> **Problem requirements**: Every line of the entries with the word "stock" in it should be shown.

(Data entries)
┄┄┄┄┄┄┄┄┄┄
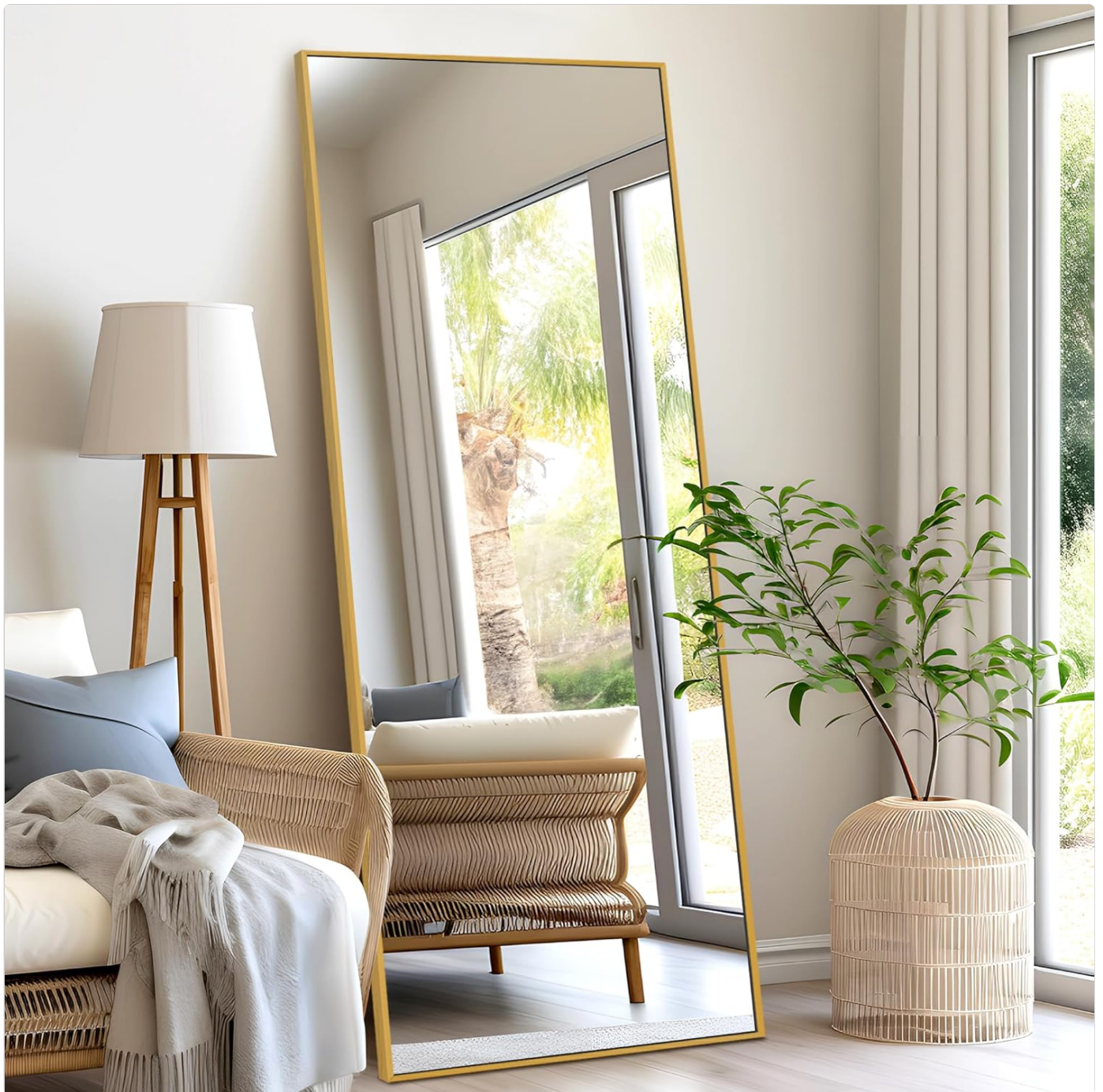
Figure 3: Mirror leaning against a wall, showcasing its full length and thin frame design.
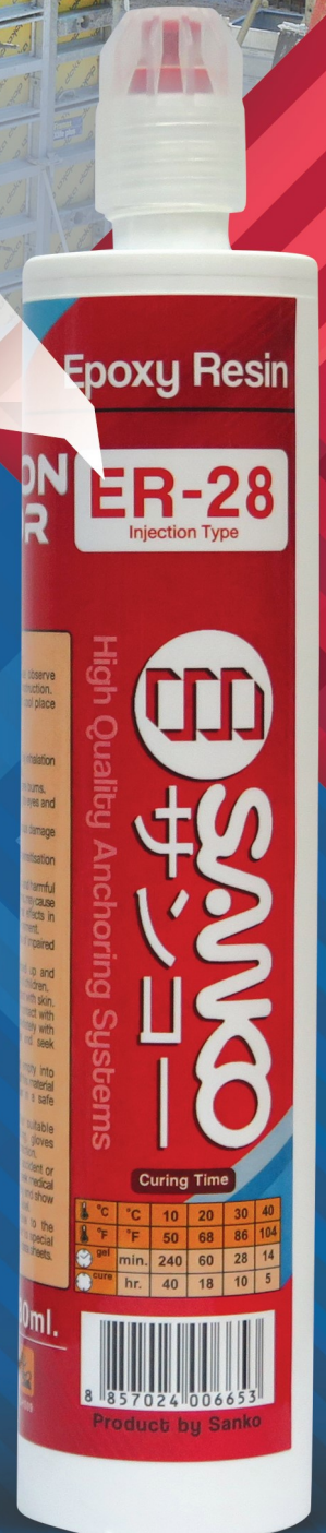
Full curing time ready to work
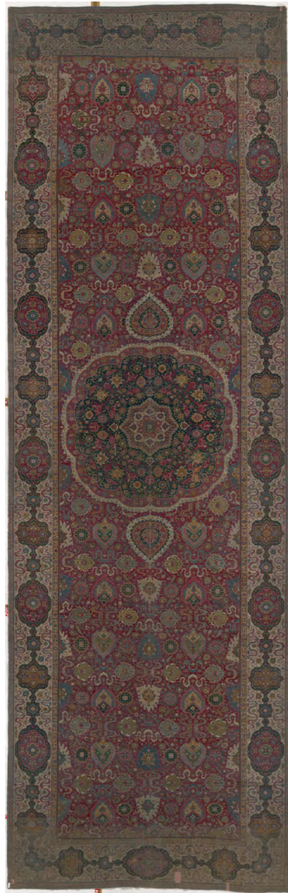
fig. 1 Mughal Trinitarias carpet early-mid 17th century wool pile, cotton warp and weft 1044.0 x 336.5 cm National Gallery of Victoria, Melbourne Felton Bequest, 1959 (91-D5)
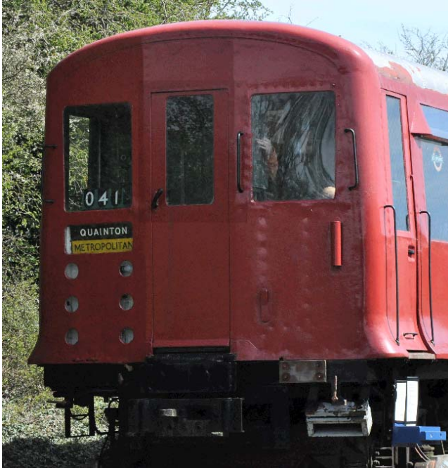
Various views of the former London Underground stock referred to above.

Open to the public over the weekend was the former London Underground stock that used to work the Metropolitan, Circle, Hammersmith & City, District and East London lines. I'm not going to refer to them as "tube" stock because technically they are not. They were too big and wouldn't fit in the tube tunnels.
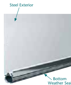
Available in 2000/2400/2500
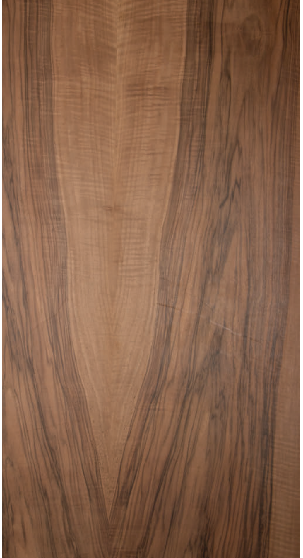
KASHMIRI WALNUT (2)
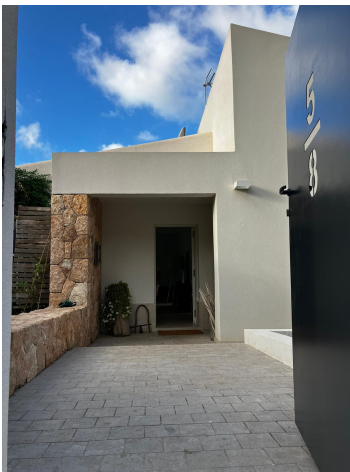
Villa Majorca for sale
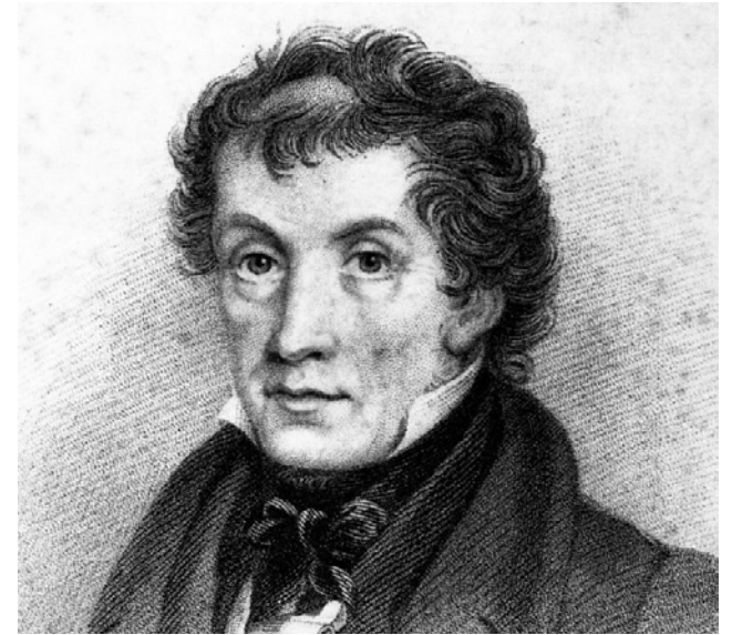
John Claudius Loudon

Loudon was a prolific horticultural and landscape design writer. Through his publications, he hoped to spread his ideals of the creation of common space and the improvement of city planning and to develop an awareness and interest in agriculture and horticulture. Through his magazines and works, he was able to communicate with lay folk as well as other professionals. His final focus for his attentions was on the layout and creation of public parks and cemeteries. A series of articles on cemetery design, criticising various aspects of the layout and management of the new cemeteries which had been opened in the preceding 20 years, and advocating grid layout and evergreen planting, was published in the Gardener's Magazine in 1843, to be published towards the end of the year as On the Laying Out, Planting and Managing of Cemeteries . 03
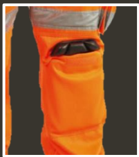
Knee pad pockets

Sizes: 28 - 56 Leg Length: Short (29 inch), Reg (31 inch), Tall (33 inch) and Extra tall (35 inch)
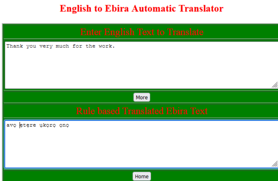
Figure 2.2: Sample translation Interface

After entering the text to be translated and then click Translate , the result is shown above.
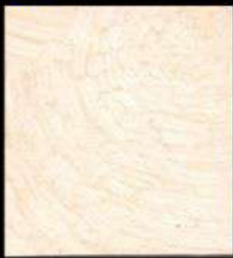
SH 6 B
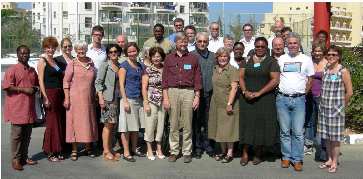
General Assembly of CCME, Protaras 2008

17 th CCME General Assembly Protaras, Cyprus 8-11 October 2008
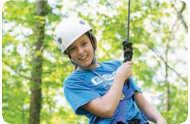
Summer campers enjoy the high ropes course through the bullying prevention program, Adventures in Respect
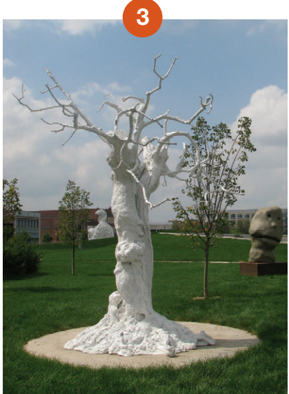
Ugo Rondinone (Swiss, born 1963)

These childlike and somewhat awkward faces are two from a series of twelve sculptures titled MOONRISE . Each sculpture depicts an exaggerated expression and is named after a month of the year. East, January has a mischievous appearance with its toothy grin, squinty eyes, and pointy nose; east, august has a sympathetic look conveyed through the head's tilt, hum-drum mouth, wide-open eyes, and button nose. A texture resembling finger marks in clay covers each, adding to their youthful charm. Ugo Rondinone created this series in homage to the moon in a time when our day-to-day reliance upon it has waned and its mythic significance has faded. Yet despite modern man's changed relationship with the moon, Rondinone is drawn to it for its universal accessibility and its significance as a marker of the passage of time.
┄┄┄┄┄┄┄┄┄┄
> **Solved problem**:
Various views of the former London Underground stock referred to above.
Open to the public over the weekend was the former London Underground stock that used to work the Metropolitan, Circle, Hammersmith & City, District and East London lines. I'm not going to refer to them as "tube" stock because technically they are not. They were too big and wouldn't fit in the tube tunnels.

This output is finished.